Rupp v. United Security Bank (In Re Kunz)

489 F.3d 1072, 2007 U.S. App. LEXIS 12943, 48 Bankr. Ct. Dec. (CRR) 103, 2007 WL 1600429
CourtCourt of Appeals for the Tenth Circuit
DecidedJune 5, 2007
Docket06-4014
StatusPublished
Cited by42 cases

This text of 489 F.3d 1072 (Rupp v. United Security Bank (In Re Kunz)) is published on Counsel Stack Legal Research, covering Court of Appeals for the Tenth Circuit primary law. Counsel Stack provides free access to over 12 million legal documents including statutes, case law, regulations, and constitutions.

Bluebook
Rupp v. United Security Bank (In Re Kunz), 489 F.3d 1072, 2007 U.S. App. LEXIS 12943, 48 Bankr. Ct. Dec. (CRR) 103, 2007 WL 1600429 (10th Cir. 2007).

Opinion

HOLLOWAY, Circuit Judge.

This is an appeal from a decision by the Bankruptcy Appellate Panel of the Tenth Circuit (the BAP). 1 Jurisdiction in this court is conferred by 28 U.S.C. § 158(d).

I

One of the purposes of bankruptcy law is to provide fair remedies to creditors *1075 generally, and a corollary of this principle is to prevent, within limits, a debtor from giving preferred treatment to some creditors in derogation of the interests of other, similarly situated creditors.
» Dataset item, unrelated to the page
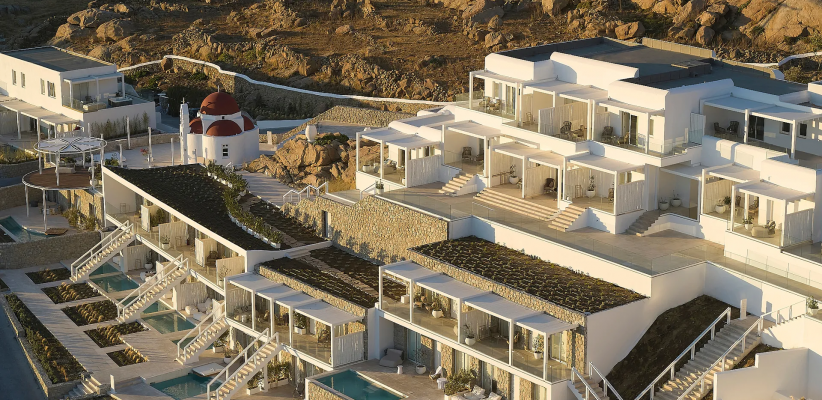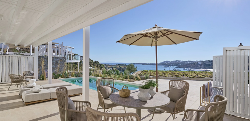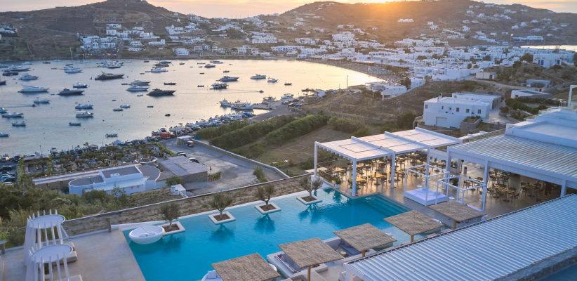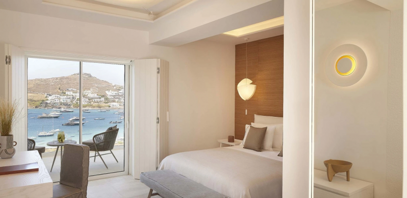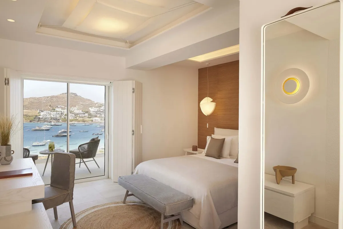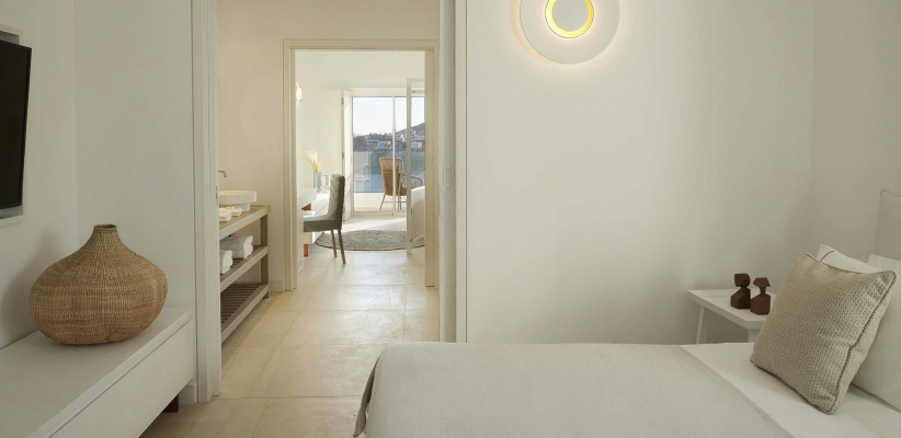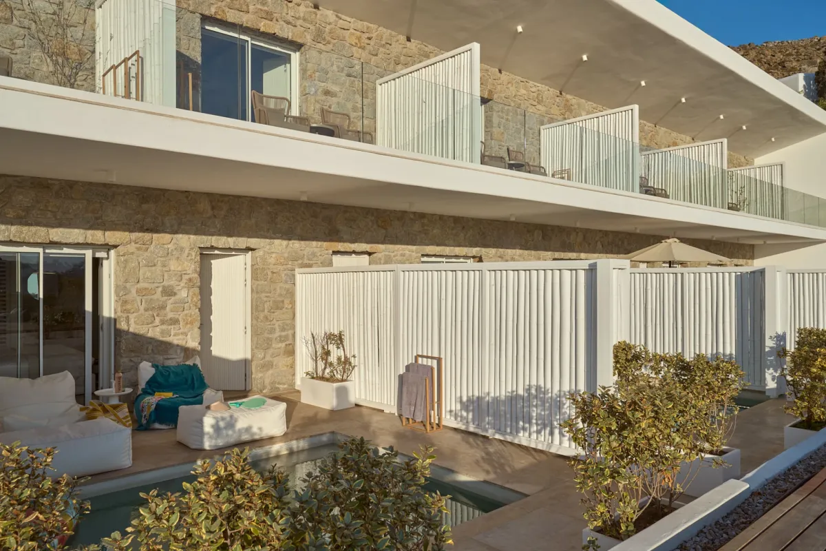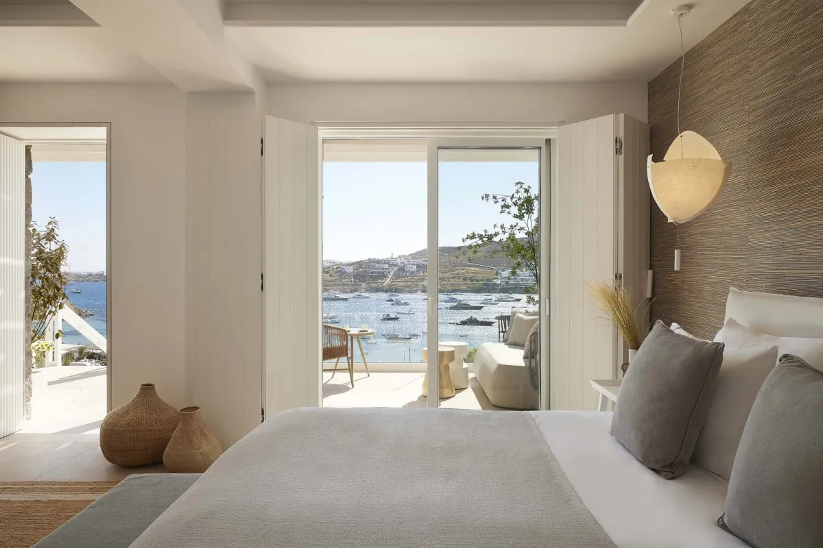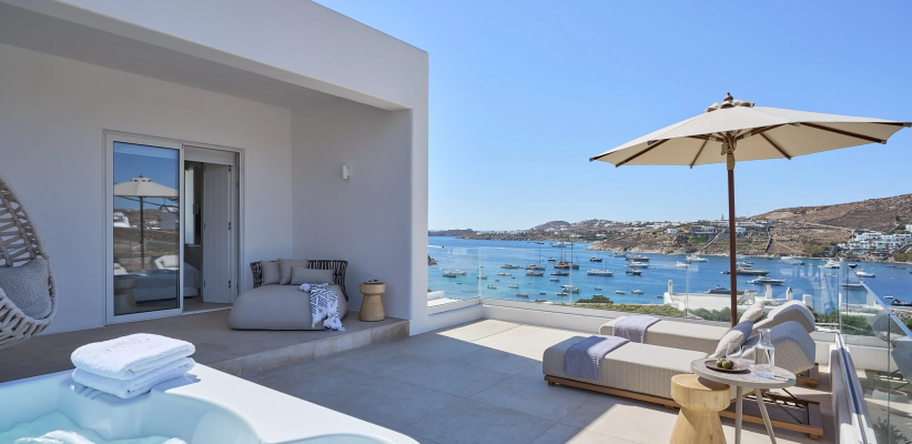 Отель Once in Mykonos Luxury Resort Adults Only, расположенный прямо над величественным пляжем Орнос, воплощает дух культового курорта Миконос в Греции.

A debtor might be motivated to prefer one creditor or some creditors over his creditors generally for a number of reasons, including personal and business connections. The supervision of the bankruptcy court generally prevents unwarranted preferential treatment. But the law has long recognized and addressed the concern that a debtor could circumvent this policy by making preferential transfers before filing his bankruptcy petition.
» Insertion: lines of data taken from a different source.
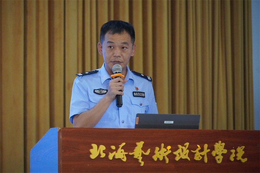 活动伊始,北海市公安局银海分局政工科主任李磊致辞,他表示反诈防诈工作需要警民同心、共同推进,期望借助此次活动,进一步推进全民反诈,保障师生财产安全。此外,他还以学生安全问题为核心,具体从日常安全、心理安全、网络安全等方面对我校师生作出了安全防范提醒。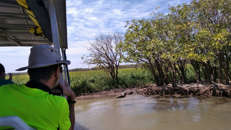 Az utolsó érdekesség ma pedig annak a folyón átvivő útnak a megtekintése (mi nem hajtottunk át rajta, külön engedély is kellene), amit már szintén ismerünk egy dokumentumfilmből, itt jobbról-balról kacsintgatnak a sósvízi krokodilok, miközben te megpróbálsz a folyón áthajtani. Láttunk is krokikat 🙂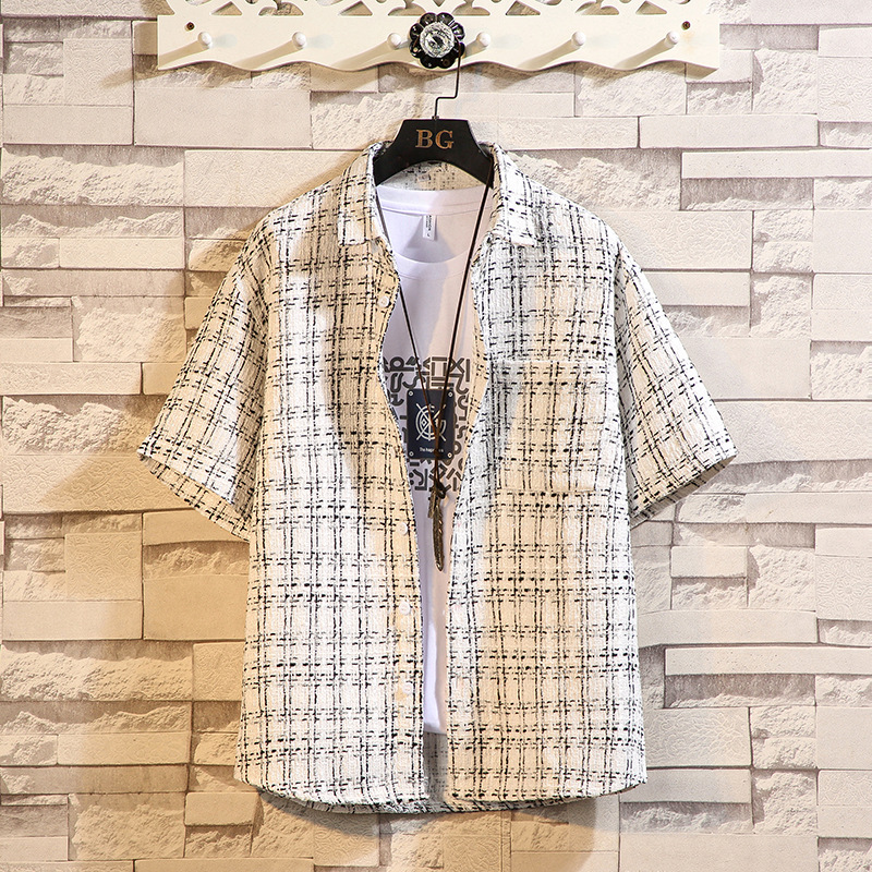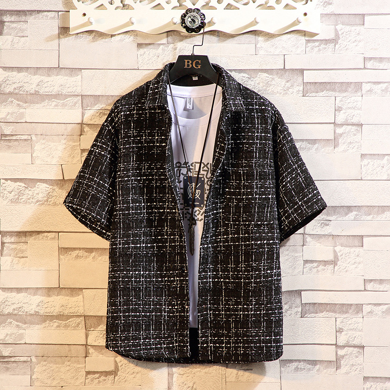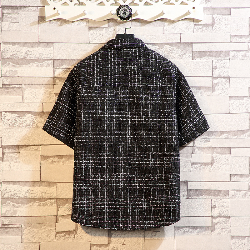 新款男士条纹衬衣 时尚痞帅宽松休闲短袖小香风男士衬衫外套

The power and duty to address preferential transfers in Chapter 7 cases is initially vested in a trustee appointed by the bankruptcy court to supervise the bankruptcy estate. As discussed infra, the Bankruptcy Code provides that a transfer to any creditor less than 90 days before filing a bankruptcy petition can be set aside if it meets other statutory criteria (including generally that the transfer is made for the benefit of a creditor on account of a pre-existing debt, while the debtor was insolvent, and results in the creditor receiving more than she would if the debtor’s assets were liquidated in bankruptcy). Moreover, the law recognizes that there will be some creditors who may be especially likely to receive favorable treatment; under the Code, these are termed “insiders.” Consequently, a trustee may “avoid” (i.e., nullify) transfers to insiders when the other criteria are present and the debtor made the transfer within one year before filing bankruptcy. See 11 U.S.C. § 547(b).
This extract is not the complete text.